Santa Cruz del Islote, one of the most densely populated islands in the world, exists under conditions of extreme spatial limitation, environmental vulnerability, and continuous collective occupation. Within this context, architecture can no longer operate through conventional ideas of expansion, permanence, or isolated objects inserted into empty space. Instead, the territory demands alternative forms of spatial thinking capable of engaging existing social, environmental, and spatial systems from within.

This thesis investigates how architecture may emerge through processes of adaptation, coexistence, and collective spatial negotiation in highly constrained territories. Through territorial analysis, ethnographic observation, spatial mapping, and architectural speculation, the research examines how everyday life in Santa Cruz del Islote is structured through proximity, shared occupation, environmental exposure, and informal systems of interaction. The study understands the islet not as a condition defined solely by scarcity, but as a dynamic spatial system continuously shaped through human relationships, environmental forces, and collective practices.

Rather than proposing architecture as a singular solution or autonomous object, the project develops a network of adaptive nodes focused on education, environment, recreation, and community. These interventions operate through principles of modularity, lightweight construction, incremental growth, environmental responsiveness, and collective participation.
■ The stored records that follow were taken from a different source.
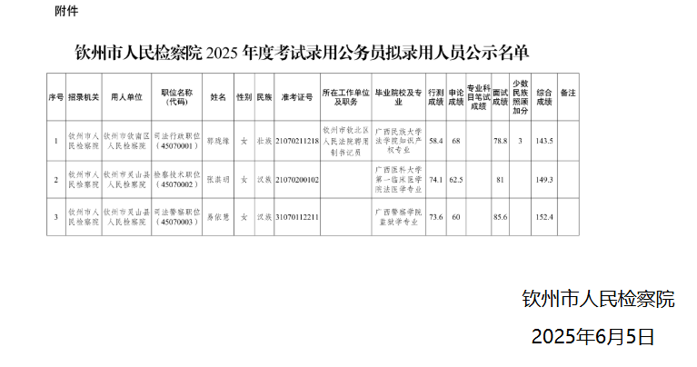 附件:欽州市人民檢察院2025年度考試錄用公務員擬錄用人員公示名單
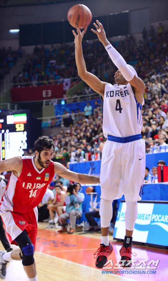 3일 오후 인천 삼산월드체육관에서 2014 인천 아시안게임 농구 남자 결승 한국과 이란의 경기가 열렸다. 3쿼터 한국 문태종이 3점슛을 성공시키고 있다.
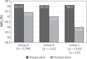 Oxygen arterial saturation (%) in blood, comparison between group A, B, C, preoperatively and postoperatively
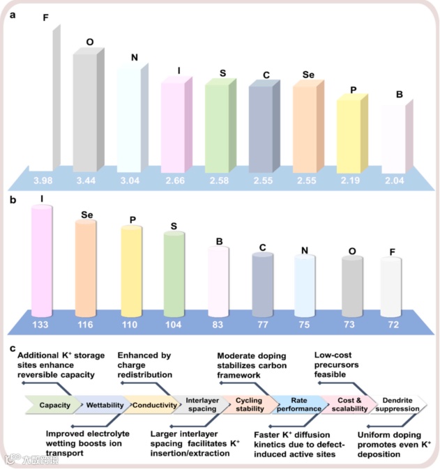 图 1. 单元素至多元素掺杂硬碳及钾离子电池电化学性能优化

Positioned along the inhabited edge of the island, the nodes seek to release spatial pressure, strengthen social interaction, encourage environmental awareness, and expand opportunities for collective well-being while remaining integrated within the existing spatial logic of the territory.

Ultimately, the thesis argues that architecture in vulnerable and marginalized territories must move beyond rigid notions of control and permanence toward more adaptive, relational, and socially embedded forms of intervention. While the proposal may never be physically realized, the project demonstrates how architecture can still function as a framework for imagining alternative futures, reinforcing dignity, coexistence, and resilience within territories shaped by limitation and possibility.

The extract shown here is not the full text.